* [TASK INSTRUCTIONS]
Once the line containing "Tato koncepce využívá" is found in the entries below, reproduce it and every line after it, stopping at and including the line containing "ぴーちゃん、ここんとことても"; reproduce nothing else, and keep each line exact.

[[ THE DATA, beginning ]]

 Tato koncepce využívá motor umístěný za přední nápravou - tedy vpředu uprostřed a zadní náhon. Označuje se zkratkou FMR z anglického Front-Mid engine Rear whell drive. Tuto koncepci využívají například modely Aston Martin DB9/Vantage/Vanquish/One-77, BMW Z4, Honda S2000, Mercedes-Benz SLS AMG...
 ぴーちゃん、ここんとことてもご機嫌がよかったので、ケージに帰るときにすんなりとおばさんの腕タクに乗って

[[ THE DATA, end ]]
[[ THE DATA, beginning ]]

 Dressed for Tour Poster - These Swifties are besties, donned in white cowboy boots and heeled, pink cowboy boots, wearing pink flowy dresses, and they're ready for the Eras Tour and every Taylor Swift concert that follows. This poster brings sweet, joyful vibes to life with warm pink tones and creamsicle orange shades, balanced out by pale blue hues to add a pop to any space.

[[ THE DATA, end ]]
[[ THE DATA, beginning ]]

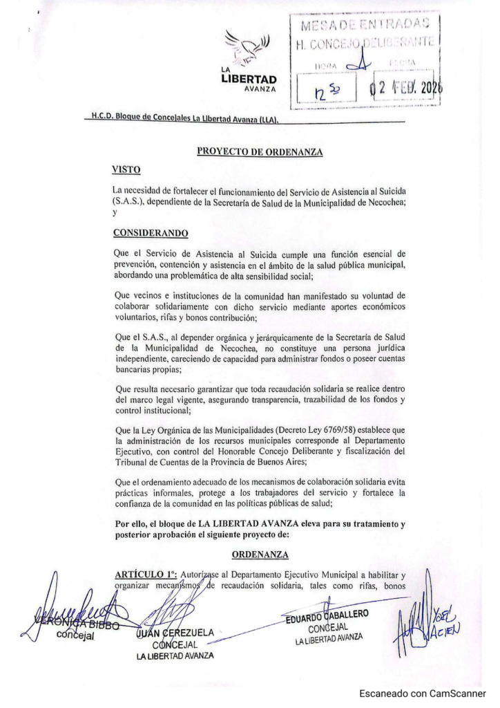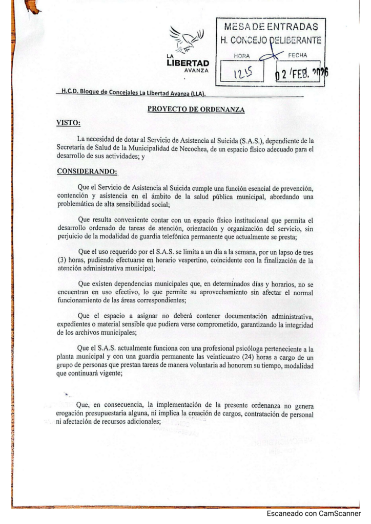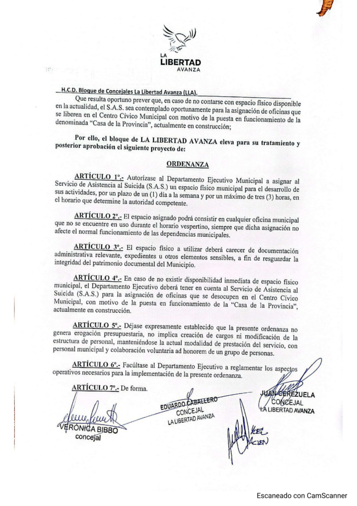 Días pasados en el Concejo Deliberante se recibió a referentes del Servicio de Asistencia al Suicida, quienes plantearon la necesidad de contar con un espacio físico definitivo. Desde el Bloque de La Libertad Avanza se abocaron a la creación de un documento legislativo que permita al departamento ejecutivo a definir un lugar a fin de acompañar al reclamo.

[[ THE DATA, end ]]

* [RESULT]
 Tato koncepce využívá motor umístěný za přední nápravou - tedy vpředu uprostřed a zadní náhon. Označuje se zkratkou FMR z anglického Front-Mid engine Rear whell drive. Tuto koncepci využívají například modely Aston Martin DB9/Vantage/Vanquish/One-77, BMW Z4, Honda S2000, Mercedes-Benz SLS AMG...
 ぴーちゃん、ここんとことてもご機嫌がよかったので、ケージに帰るときにすんなりとおばさんの腕タクに乗って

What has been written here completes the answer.